Entre évolutions conceptuelles et innovations techniques, quelques étapes clés jalonnent l’histoire – déjà longue – de l’évaluation des bibliothèques en France et à l’étranger : ISO 2789 Statistiques internationales des bibliothèques (1974) ; ESGBU (1976) ; ISO 11620 Indicateurs de performance des bibliothèques (1998) ; norme COUNTER (2002) ; LibQUAL + (2004) ; ROI – Return On Investment en bibliothèque1 (2009) ; référentiel Marianne‑Qualité de l’accueil (2009) ; ISO 16439 Méthodes pour évaluer l’impact des bibliothèques (2014)…
Avec un tel outillage, nous devrions être en mesure d’évaluer facilement et complètement l’activité, les coûts, les services, la qualité de l’accueil des bibliothèques ainsi que l’impact, les attentes et la satisfaction de leurs usagers. D’autant que la stratégie nationale en faveur de l’open data marque un progrès notable, même si l’obtention de données contextuelles, indispensables pour une évaluation étayée en fonction de l’environnement global des bibliothèques de l’enseignement supérieur (notamment le nombre d’étudiants et de chercheurs, les volumes de la production éditoriale, la consommation d’énergie et de fluides, les droits d’auteur payés, etc.) reste laborieuse. On peut regretter à ce sujet une certaine dépendance vis-à-vis des politiques – locales et nationales – de publication des statistiques encore fluctuantes, tout le monde ne disposant pas, comme c’est le cas en Suisse par exemple, des tableaux consolidés2 fournis depuis des années par l’Office fédéral de la statistique.

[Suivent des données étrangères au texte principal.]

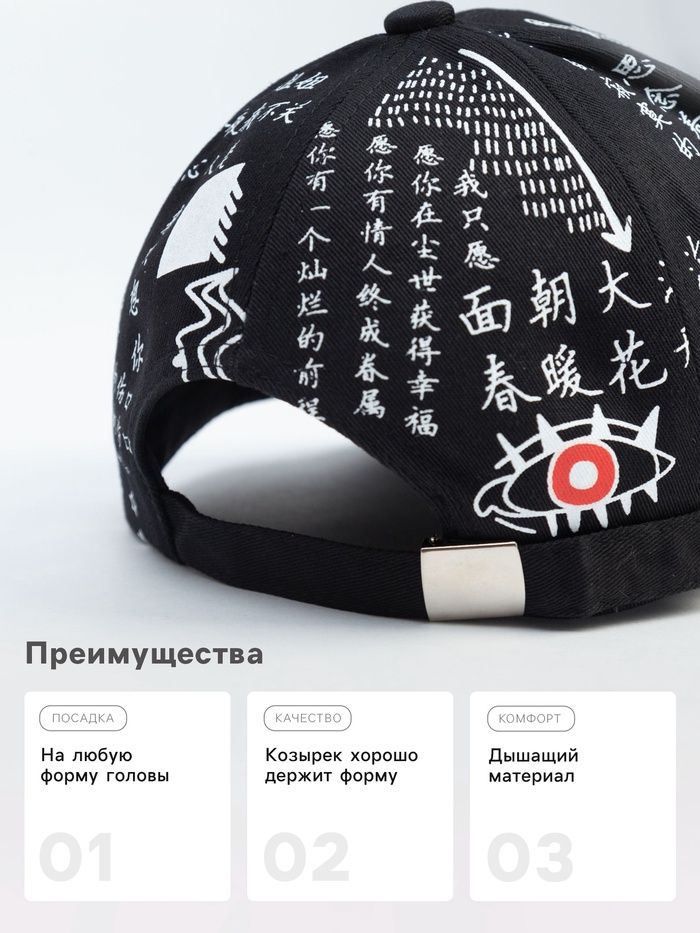 Кепка мужская MINAKU "Иероглиф", цвет чёрный, р-р 58 — Характеристики
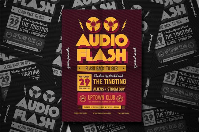 复古音乐海报设计模板 Audio Flash Music Flyer
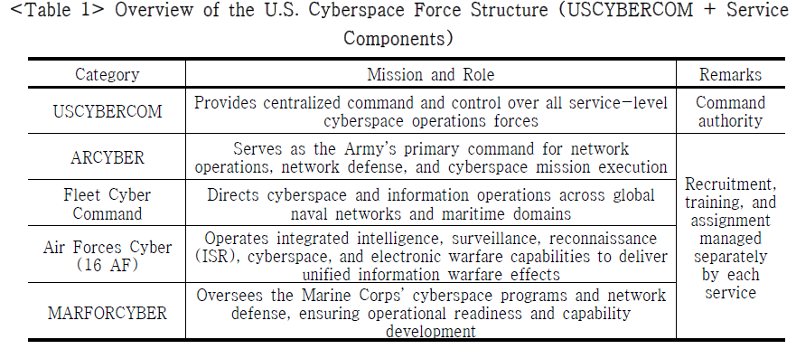 Moving forward, the ROK military should institutionalize a rotational education and training platform connecting the civilian and military sectors, establish an integrated information system for joint training and cognitive warfare response, and build genuine trust within the framework of international cooperation networks. Above all, only by developing a realistic roadmap that accounts for budgetary and political constraints, and by linking it to broader defense reform initiatives, can South Korea fully achieve Cyberspace Force Readiness.

La culture du chiffre et de la donnée a cependant fait souche en France et nous devons saluer le rôle structurant des associations professionnelles (commission pilotage et évaluation de l’ADBU, consortium Couperin) qui œuvrent, en lien avec de nombreux acteurs, aux côtés du Département de l’Information scientifique et technique et du réseau documentaire (DISTRD) de notre ministère de tutelle, pour enrichir et utiliser à bon escient les informations collectées.

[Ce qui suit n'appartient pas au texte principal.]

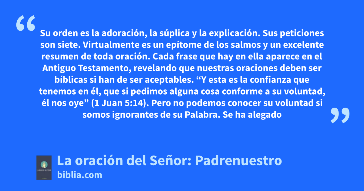 Su orden es la adoración, la súplica y la explicación. Sus peticiones son siete. Virtualmente es un epítome de los salmos y un excelente resumen de toda oración. Cada frase que hay en ella aparece en el Antiguo Testamento, revelando que nuestras oraciones deben ser bíblicas si han de ser aceptables. “Y esta es la confianza que tenemos en él, que si pedimos alguna cosa conforme a su voluntad, él nos oye” (1 Juan 5:14). Pero no podemos conocer su voluntad si somos ignorantes de su Palabra. Se ha alegado
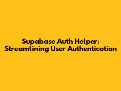 Supabase Auth Helper: Easy Authentication Guide
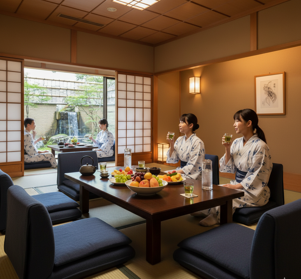湯上りには、お茶や冷水、季節の果物を提供する休憩スペースを併設。

L’un des leviers à activer pour optimiser le système d’évaluation des bibliothèques et conforter le choix d’indicateurs stratégiques et partagés (au niveau local mais aussi national et international) concerne la qualité des données. Au cœur de cette démarche pragmatique qui permettra de relier des données issues de sources disparates – mais nécessairement ouvertes, fiables et identifiables, la rationalisation du système d’identification des établissements documentaires de l’Enseignement Supérieur et de la Recherche constitue un chantier en soi. En effet, qu’il s’agisse des enquêtes ERE ou ESGBU, de l’annuaire des BU, du registre RCR du Sudoc ou du CCFr, des plateformes Licences nationales ou PANIST, aucun de ces environnements n’utilise, pour l’instant, les mêmes identifiants. Fort heureusement, la refonte de l’ESGBU3, couplée au projet Cartographie Collex‑Persée, vont donner aux acteurs institutionnels l’occasion de mener ce travail d’harmonisation et d’alignement, un chantier auquel l’Abes apportera pleinement sa contribution.

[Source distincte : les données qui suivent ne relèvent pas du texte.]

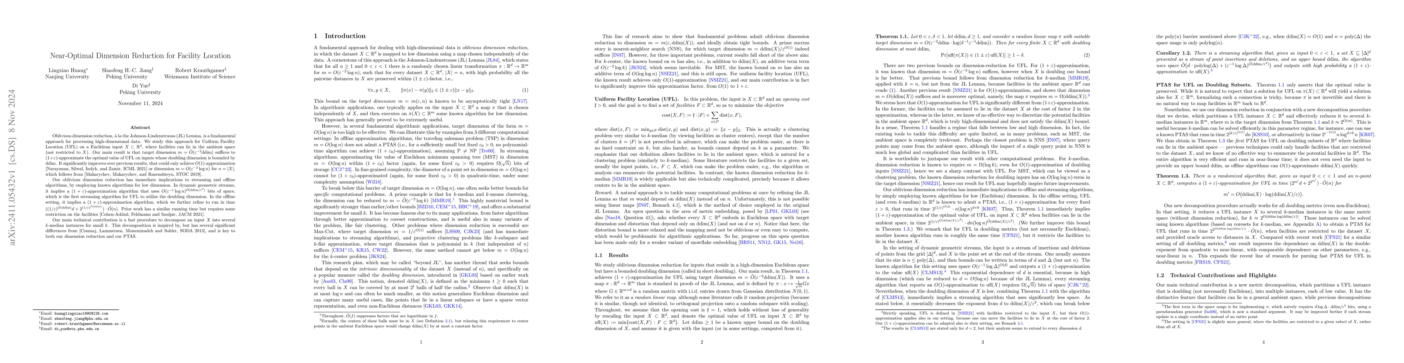 This paper proposes an oblivious dimension reduction technique for Uniform Facility Location (UFL) on Euclidean data, achieving a target dimension of $m=\tilde{O}(\epsilon^{-2}\mathrm{ddim})$ for $(1+\epsilon)$-approximation. It significantly improves upon previous results by leveraging the doubling dimension, with implications for both streaming and offline algorithms.

Puisse l’année 2020 voir ce projet avancer car, bien au-delà de froides statistiques, il s’agit d’être en capacité d’évaluer le rôle stratégique des bibliothèques de l’ESR, en termes d’impact sur la réussite des étudiants, la qualité de la recherche ou le rayonnement des établissements desservis.
Je vous souhaite une belle et fructueuse année 2020.